Conferences & Keynotes

  • A saturation of images has constructed dominant, popularized representations of space that are often controlled by “Western” media and government agencies. Thus, images have come to play a fundamental role – alongside literary texts and oral testimonies – in the representation of architecture and the city. In a world populated by the visual, the naturalization of the consumption of images warrants interrogation. In Eyewitnessing: The Use of Images as Historical Evidence, historian Peter Burke advocates for the need for plurality: for images to be placed in “context,” better yet, “in a series of contexts in the plural,” and/or studied within a series of images (p.187). Images are not pure documents, they crop, erase and reveal information and their implications hold different values across time.

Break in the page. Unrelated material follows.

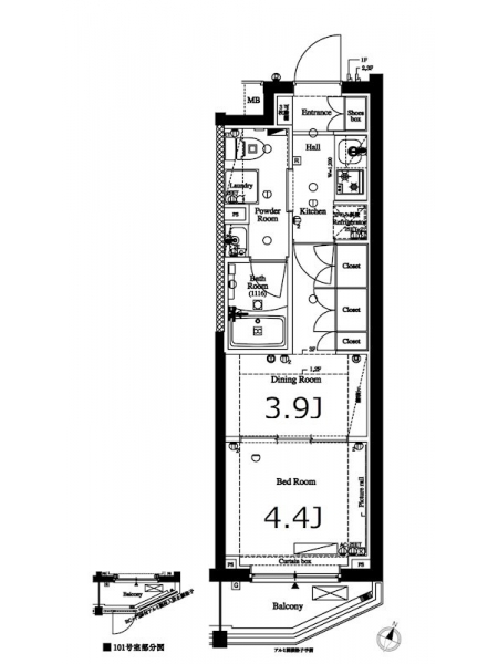 洋室 3.9 畳 洋室 4.4 畳 洋室 4.4 畳 |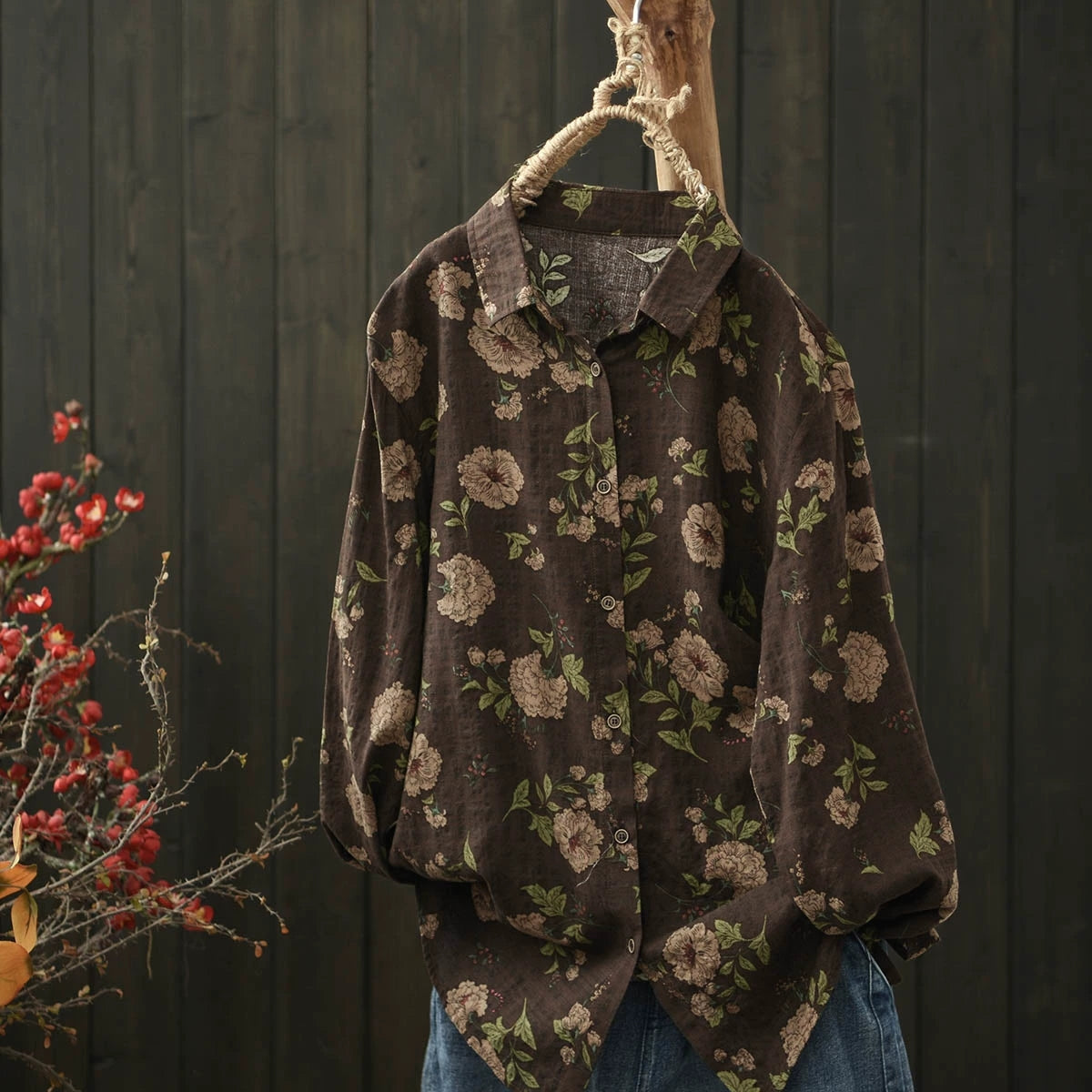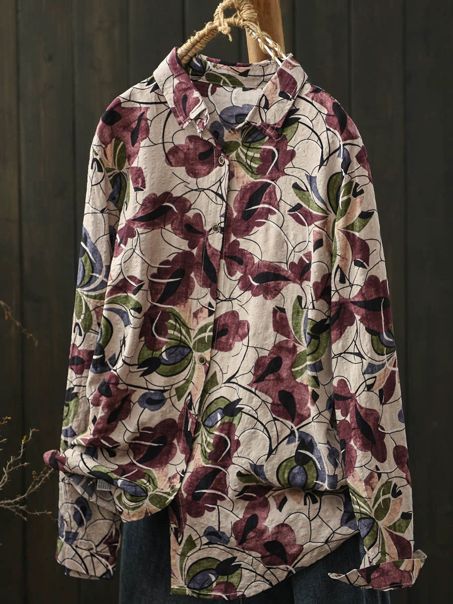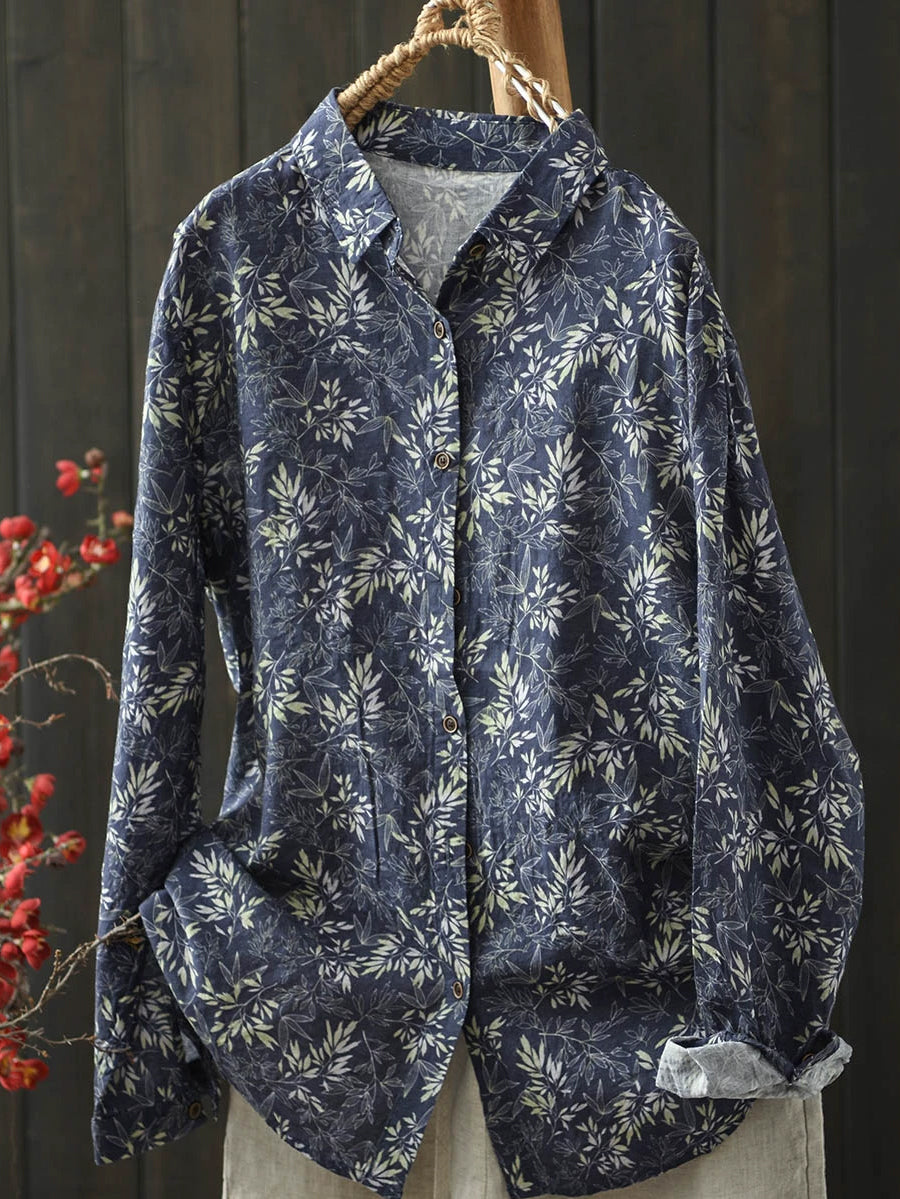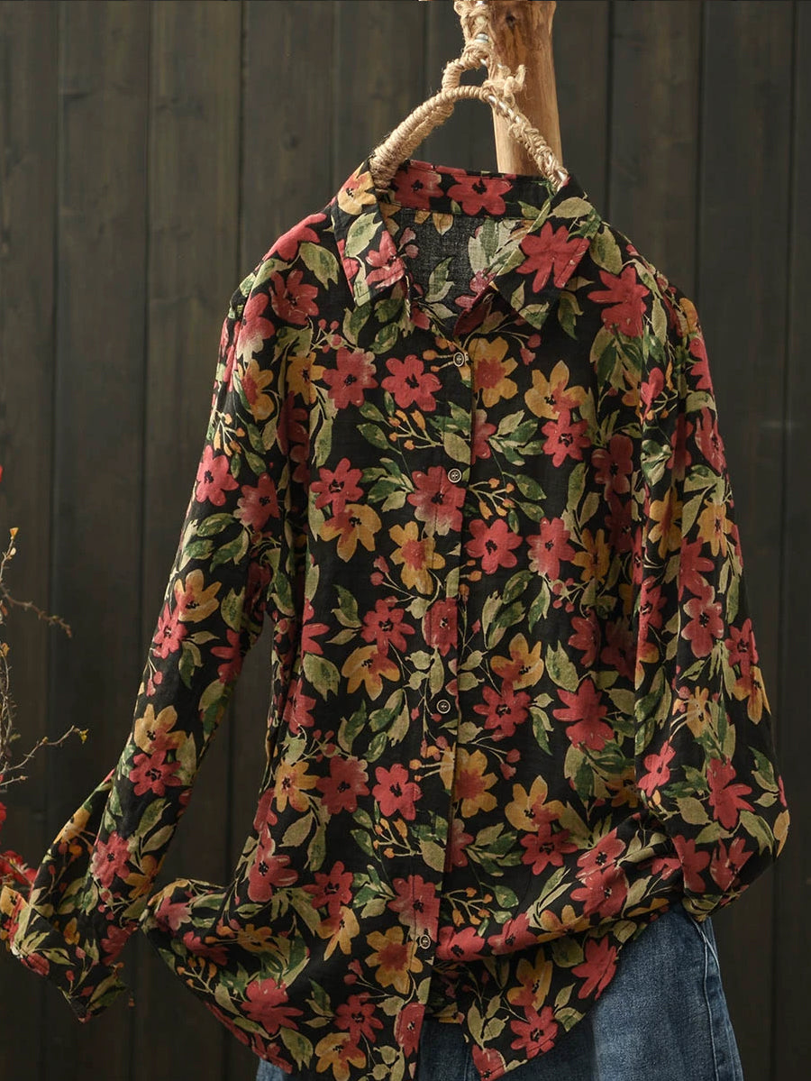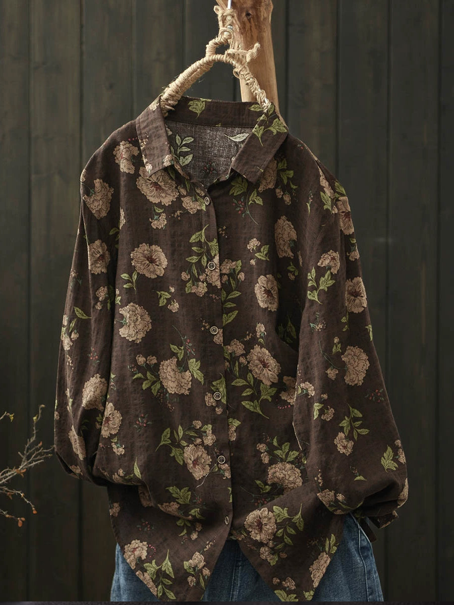 חולצת כותנה עם צווארון פרחוני אומנותי לנשים

Operating in plural allows for the re-contextualization of time and place, allowing authors and audiences to see in new ways, challenge silenced, hegemonic, or dominant narratives of architecture and the city. More than ever before, it is necessary to critically reflect on the visual as narrative practice through a deeper engagement with the role images play alongside other sources.

    Methods of recording, collecting and assembling knowledge through visual practice has a long history and has played a critical role in the production of urban histories throughout the twentieth century. Situating this practice, the paper first discusses an oeuvre of historical and contemporary precedents from Aby Warburg’s Mnemosyne Atlas to Geoffrey Farmer’s Leaves of Grass. These precedents trace alternative histories of everyday life through images, content and spatial arrangement. Subsequently, this paper usees two case studies from the Indo-Pacific Atlas – a large-scale photographic installation – to demonstrate how images are used to reveal counter-narratives on the city. As a result, operating in the plural yields non-chronological and non-hegemonic constructions of urban realities in Beirut and Medellin.

    Burke, J. (2014). Eyewitnessing: The Use of Images As Historical Evidence. London: Reaktion Books.

    Image caption:

    ​​The Indo-Pacific Atlas comprises four case studies that constitute a new reading of the region. The projects are Immaterial Company Towns by Gonzalo Valiente; Cape Town: Youtube Gentrification by Kane Pham; The Urbanism of Al Jazeera by Endriana Audisho; and Medellin A Tale of Two Cities by Christina Deluchi. Overseen by Urtzi Grau and photographed by Jack Dunbar. Photograph by Jack Dunbar.

  • Scenario-based participatory drawing (SBPD) and the dynamic potential of informal space

    Participatory design is often promoted as an inclusive, open-ended, and fluid methodology for giving voice to marginalised and underrepresented user groups.[1] Within an Aboriginal design context in Australia, participatory design acknowledges the complex socio-political milieu and cultural differences; there is an implied responsibility to address social, cultural, political, and economic challenges within architectural design processes. Reflecting on a series of participatory workshops undertaken within the evaluation of an Aboriginal housing program within the Indigenous community of Wreck Bay, Australia, this paper explores the potential of Scenario-Based Participatory Drawing (SBPD) to identify the dynamic potential of informal spaces relevant to culturally responsive architectural design outcomes. The research draws on methods developed by Farley et al. in ‘The House Game’, which asked residents to draw a plan of their house while describing the “interactional politics of the household”[2] (Farley et al). Aligning with the assertion that ‘Informality carries missions of the gathering of people and reacts to the needs of the local communities,’ within an Aboriginal context, conversations about daily practices and cultural events such as Easter, Christmas, Weddings and Funerals and the use of informal and alternative spaces promoted residents to reflect on their familial and household relationships as well as different modes of gathering indicating the user’s housing needs. Adapting Paul Memmotts Cultural Design Paradigm as an analytical framework, this paper evaluates the capacity of Scenario-Based Participatory Drawing as a technique to identify the tangible and intangible use of informal spaces to inform design principles for new models of culturally responsive Aboriginal housing outcomes.

  • Towards Aboriginal home ownership? Implications of subdivision with discrete Aboriginal communities of Australia

    Discrete Aboriginal communities in Australia were originally established as missions and reserves under government policy that forcibly removed Aboriginal people from their traditional lands. Ongoing compensatory land claims, in recognition of Aboriginal land rights, have resulted in the transfer of title of these former missions and reserves to Aboriginal people.

    Focused on two recent programs to subdivide Aboriginal lands in the communities of Jervis Bay Territory and New South Wales, this paper explores the implications, advantages, and disadvantages of subdividing community lands within remote Aboriginal communities of Australia.